Data to examine:
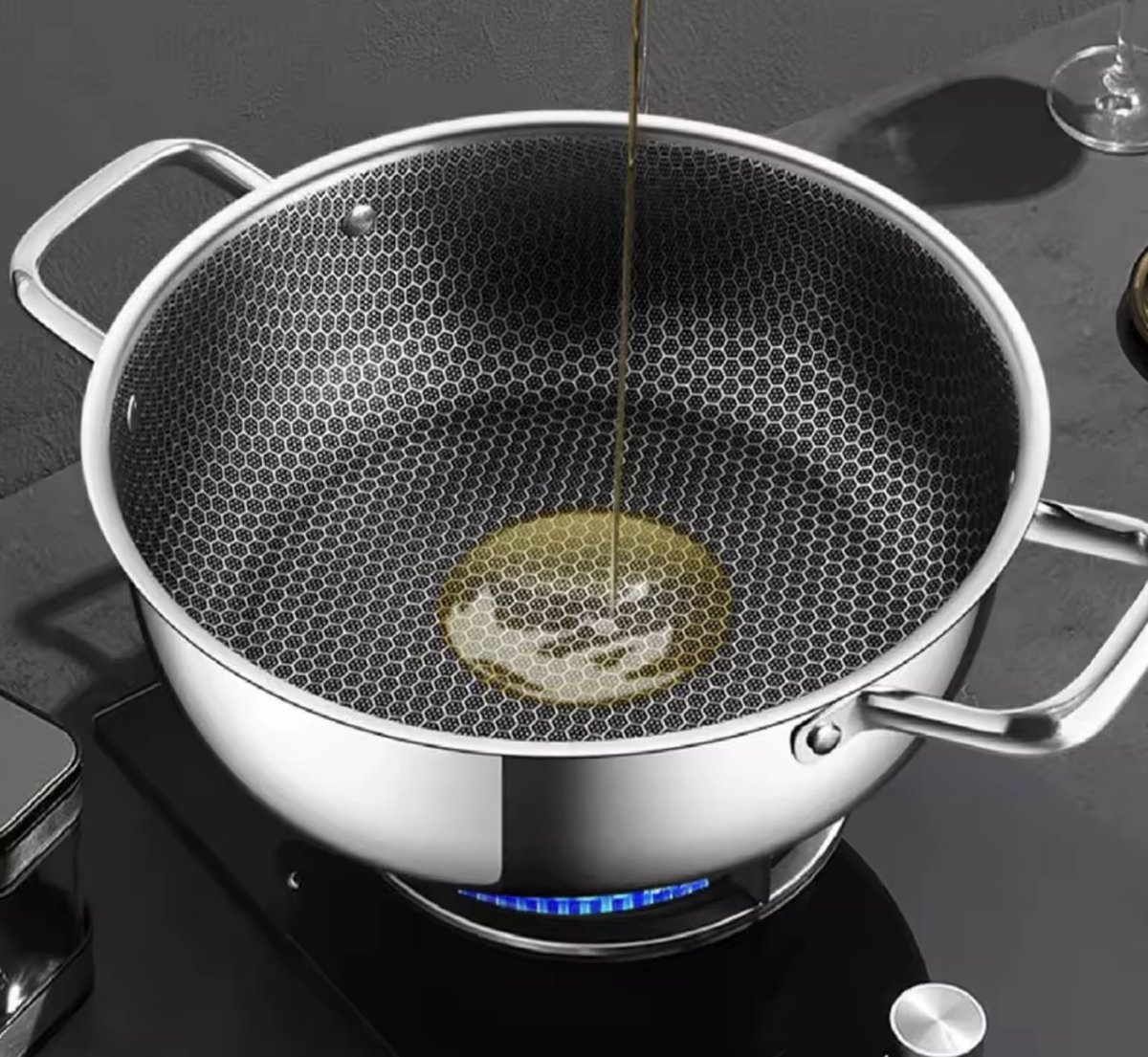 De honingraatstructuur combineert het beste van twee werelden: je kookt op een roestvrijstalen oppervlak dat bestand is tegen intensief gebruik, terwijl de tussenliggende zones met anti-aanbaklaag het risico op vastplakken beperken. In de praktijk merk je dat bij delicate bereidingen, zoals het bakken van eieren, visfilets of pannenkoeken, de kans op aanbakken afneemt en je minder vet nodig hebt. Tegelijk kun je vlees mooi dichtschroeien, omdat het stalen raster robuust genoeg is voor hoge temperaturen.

* * *

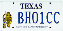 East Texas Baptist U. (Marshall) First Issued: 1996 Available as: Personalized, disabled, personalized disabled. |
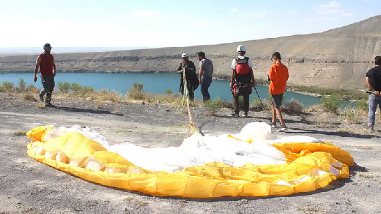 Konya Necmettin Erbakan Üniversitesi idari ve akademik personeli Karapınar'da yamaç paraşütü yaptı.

Exercise requirements: From the records above, transcribe only the stretch from the line with "East Texas Baptist" through the line with "Konya Necmettin Erbakan", keeping both ends. Omit pictures.

Answer box:
 East Texas Baptist U. (Marshall) First Issued: 1996 Available as: Personalized, disabled, personalized disabled. |
 Konya Necmettin Erbakan Üniversitesi idari ve akademik personeli Karapınar'da yamaç paraşütü yaptı.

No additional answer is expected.